My Lords, I declare an interest in that Randox Laboratories is a major employer in a constituency that I represented for 10 years in the other House. It cannot be challenged that Randox Laboratories has been globally recognised in the diagnostics industry over many years. Therefore, can the Minister place on record the Government’s appreciation for firms such as Randox that rose to the health emergency and exercised their best efforts to achieve our unprecedented national effort?
I thank the noble Lord for reminding us of the importance of all the companies that supplied equipment or scaled up at pace or were able to meet the initial requirements. It was a time of panic; thousands were dying, and we did not have equipment. This was a time before the vaccine. The department and its officials tried to speak to as many people as possible around the world to find out what was available, what could be done and what the timescales were. Clearly, as the noble Lord said, Randox played an important role in meeting the testing requirements initially.
My Lords, the Minister suggests that the Government were panicking. Does he agree that panic in a laboratory or when one is dealing with tests of this kind is not satisfactory? Is not one of the problems that it is clear that Randox’s methods were not satisfactory and would not stand up to absolutely accurate testing? Is it not the case that the Government still cannot tell us what percentage of its PCR tests were inaccurate or in some ways contaminated?
I used the word panic because I think everyone was panicking. People just did not understand what was going on. They did not understand the pace of coronavirus; they did not even understand the disease itself and the transmission of it. I was reading over the weekend a couple of books on the history of the virus so far, where it broke out and what people thought it was originally, and some of the reassessments of historical epidemiology. Clearly, we needed testing performance. Randox was the only company at that time, in March 2020, that was able to provide that capacity at the scale needed. As I said earlier, where we identified problems, we made Randox aware of them and it supplied new kit.
My Lords, the Government held a full-scale exercise in 2016 based on pandemic flu, Operation Cygnus. Anybody who reads the report of that exercise today can see that there was a looming problem with PPE. Between 2016 and 2020, the Government did nothing about that identified problem, so that, when 2020 came, we domestically produced only 1% of the PPE that was required in the NHS. Why was so little done to be ready for something that had been predicted in advance?

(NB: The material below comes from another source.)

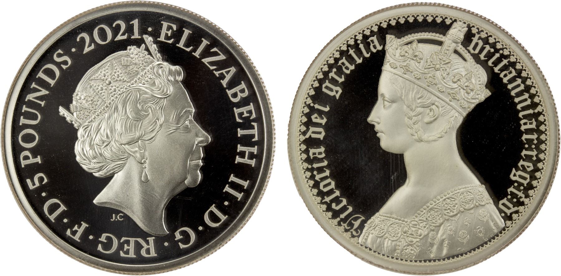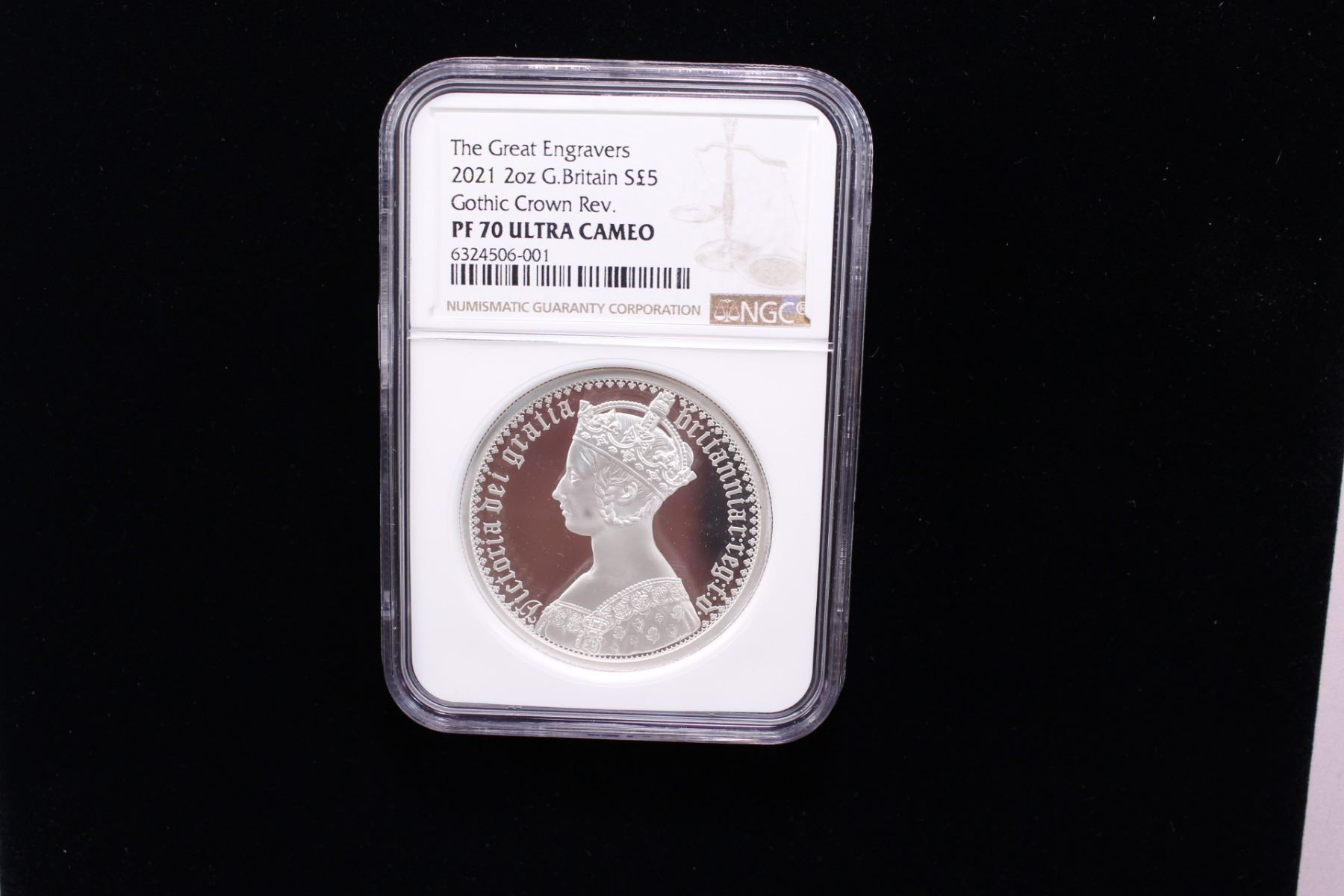 GREAT BRITAIN: Elizabeth II, 1952-2022, AR 5 pounds, 2021, KM-2036, S-GE19, The Great Engravers Series - Gothic Crown Portrait, NGC graded PF70 Ultra Cameo. A re-interpretation of William Wyon's original Gothic Crown obverse from 1847, the fourth in a series of coins in the Great Engravers series. This was struck in 2 troy ounces of pure silver.
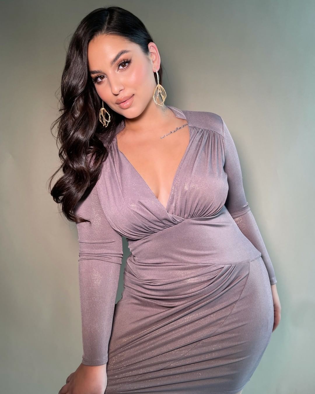 Wunderschönes Kleid aus weichem, glänzendem Stretch-Stoff, der sich der Figur anpasst. Die Falten maskieren Unvollkommenheiten, die Größe ist wie beschrieben. Obwohl ich eine Größe XL trage, sieht das Kleid wunderschön aus.

The noble Lord makes a point about predicting it in advance, but it is very easy to say that with hindsight. Let us look at a number of different countries and the WHO: some people argue that the WHO and Public Health England had only one job, and they were not prepared for it. Clearly, people were caught unawares; we were not the only country to be caught unawares.
There were countries all around the world which were not prepared. That is why everyone scrambled on to the international market; it is why prices were paid at the time that, with hindsight, would not be paid nowadays. It is important to remember where we were at that stage, what we were trying to get hold of, the world market and our understanding of the virus, and at a time when there was no vaccine.